Under his microscope, he can identify countless fossil fragments the size of a gravel grain, with a diameter ranging from 2 to 64 mm, within a second.
"That was a fish, that was a frog, that was a snake; oh, that was a mammal tooth," he muttered while using tweezers to pick the collected fossils out of a box and examine them.
"The fossil birds tend to be rarer, I'd be thrilled if I found one," he said with almost palpable excitement.
"After sorting out the fossils, the next step is to turn over different species of fossils to experts in the field. And I myself will work on the birds together with my colleague Li Zhiheng, and try to determine if it's potentially a 'new' extinct species or one we already know," he added.
In Stidham's view, being a paleontologist is like being an explorer. "One can study never-before-seen materials and make never-before-known discoveries," he elaborated.
Thomas Stidham inspects an ostrich fossil in his office at the Institute of Vertebrate Paleontology and Paleoanthropology affiliated to the Chinese Academy of Sciences in Beijing on June 2 (YINKANG)
Lessons from the past
According to Stidham, although paleontology is supposed to be the study of life in the past, in fact, it greatly relates to the present. One single discovery can either add something new or change everything about what we thought we knew. Sometimes, it takes something as tiny as a bone fragment or a tooth to completely change people's view of Earth's history and evolution.

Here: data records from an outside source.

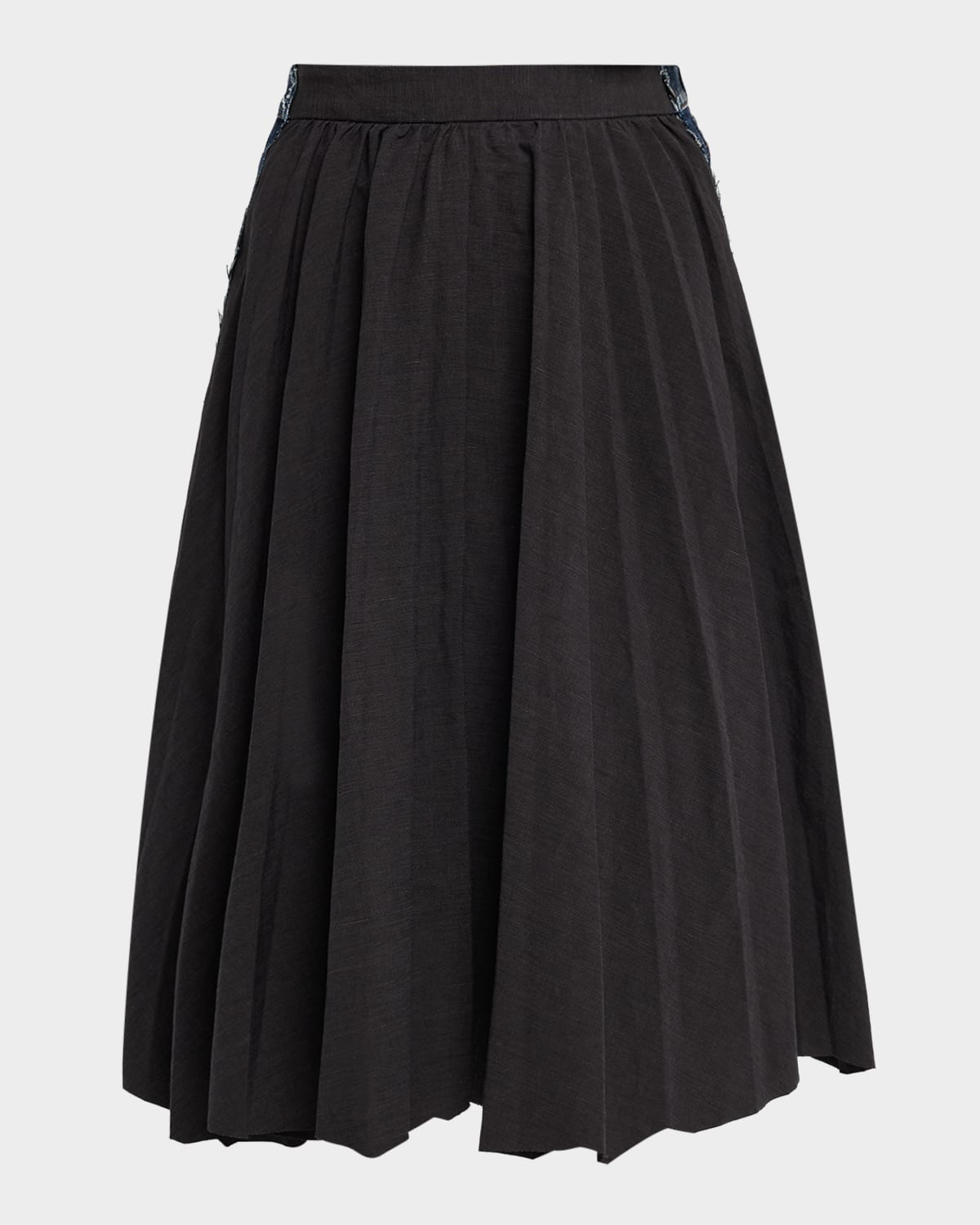 Balenciaga hybrid skirt in a pleated linen front and a faded medium wash denim back with a raw hem Mid waist Back patch pockets Logo patch on the back Hem falls below the knee Aline silhouette Side zip Linen/cotton Hand wash, machine wash line dry Made in Italy
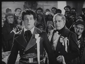 Over a drink, Caderousse tells Mondego of an unscheduled stop Dantes made to the island of Elba (where the former Emperor Napoleon is imprisoned) during their voyage and Mondego passes this information on anonymously to the authorities. At Dantes and Mercedes’ wedding, officials burst in and Dantes is arrested as a Bonapartist. Interrogated by prosecutor Villefort (Jean Toulout), Dantes reveals that before his death, the Pharaon’s captain bade him collect a letter from Elba and deliver it to a man known as Noirtier in Paris. Villefort realises to himself that Noirtier is his own father, a
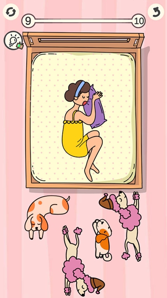 3、轻松放置策略布局:核心玩法为将宠物合理摆放到床上,需根据狗狗体型与床面空间规划位置,避免重叠或掉落,后期关卡加入异形床面与多品种宠物混合。

"Fundamentally, paleontology is about understanding the history of life on Earth and its interactions with Mother Nature, and with major geological events, so that we can better understand our place in the history of the world," he explained. For example, fossil and rock records are crucial to explaining the bouts of extreme weather in recent years. Fossil and geological records can be used to see what has happened since the globe started warming up to help better prepare and conserve biodiversity in the future, he added.
Stidham cited an example from the end of the most recent ice age, when the Northern hemisphere began to warm around 13,000 years ago, and many animal species, such as the mammoth, went extinct.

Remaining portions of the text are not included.